Наш лагерь защищал от ветра невысокий утес, и молодой человек со своим младшим братом повели Дока, Пола и меня вдоль его подножия. Пройдя полмили, мы нашли строки тибетских надписей, вырезанных на камне, почти у самой земли. Наш юный гид рассказал, что это религиозные тексты, выбитые прежними монахами Мандала, который некогда славился как один из лучших дацанов Монголии. Надписи повсюду виднелись во множестве, потом мы дошли до первой фигуры. Это было высеченное в камне изображение Будды, сидящего на лотосе. Сохранились следы первоначальной раскраски фигуры, детали которой были красными, синими и коричневыми. Дальше возле скалы протекал ручеек, а за ним виднелись другие изображения Будды, демона-защитника, оседлавшего драконольва, и наконец Аюш Бакш – женщины-святой.

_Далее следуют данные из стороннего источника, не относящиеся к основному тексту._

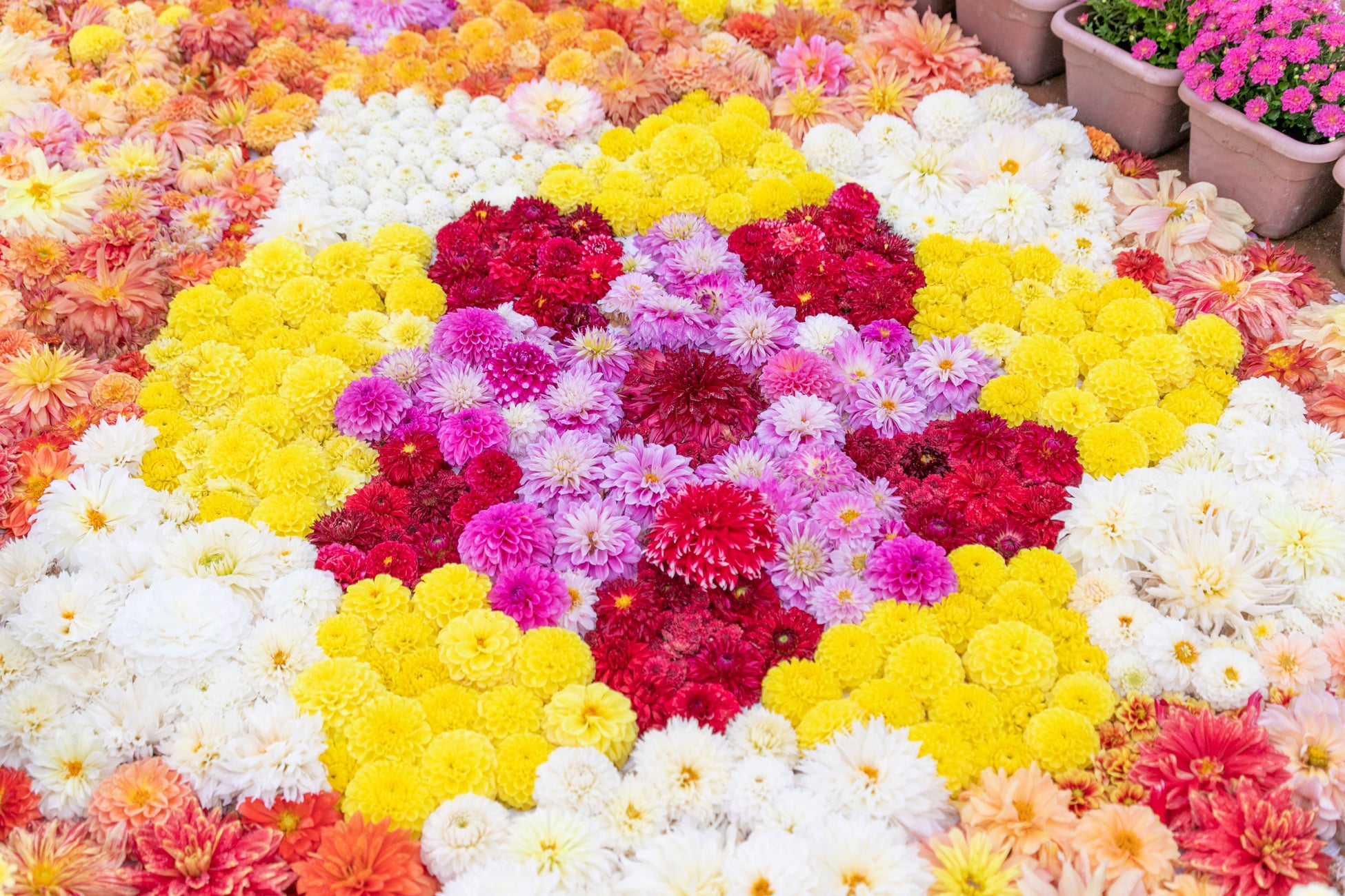 ダリアの生花を敷き詰めて模様をつくる花絵は毎年人気の展示です。今年のデザインをお楽しみに。

Мы насчитали девять резных фигур, но паренек сказал, что по всей скале их девятнадцать. Изображения не выглядели особенно старыми, вряд ли старше XIX века, зато они образовывали прекрасную галерею, памятник, в который монахи Мандала превратили эту скальную стену. Еще юноша рассказал, что на скале есть человеческие кости. Скелеты лам спускают сверху на веревках, и они висят на скале, подобно ожерельям.

К тому времени, как мы вернулись в лагерь, прибыли лошади. Их привела целая банда местных любопытных аратов, и началась обычная суета с упаковыванием багажа и навьючиванием его на полудиких коней. Я снова рад был видеть, как два человека, которым предстояло быть нашими проводниками, методично пакуют вещи и распределяют вес со знанием дела. Я подождал, пока для меня выберут верховую лошадь. Владелец животного, на которое пал выбор, выглядел очень обеспокоенным. Он считал, что эта лошадь чересчур норовиста и, как любой монгольский табунщик, был уверен, что иностранец прежде в жизни не ездил верхом. Я постарался убедить его, что справлюсь с лошадью, но он по-прежнему нервно топтался вокруг. Когда я вытащил свое седло, он потребовал показать его. Как всегда, мое седло вызвало у кочевников живейший интерес, и вскоре все араты столпились вокруг нас и зачарованно смотрели, как я достаю подхвостник и показываю хозяину, как его закреплять. Монголы пришли в ужас. Они никогда в жизни не видели подхвостника. Я попросил Дока объяснить, что эта деталь сбруи нужна, чтобы седло не сползало вперед. Док перевел, а потом засмеялся. «Хозяин считает, что это какое-то извращение, что оно повредит лошади. Он не верит, что лошадь станет терпеть такую штуку».

«Скажи ему, что я настаиваю и что подхвостники используют во многих странах по всему миру. Без него седло будет сползать, когда мы поедем по горам».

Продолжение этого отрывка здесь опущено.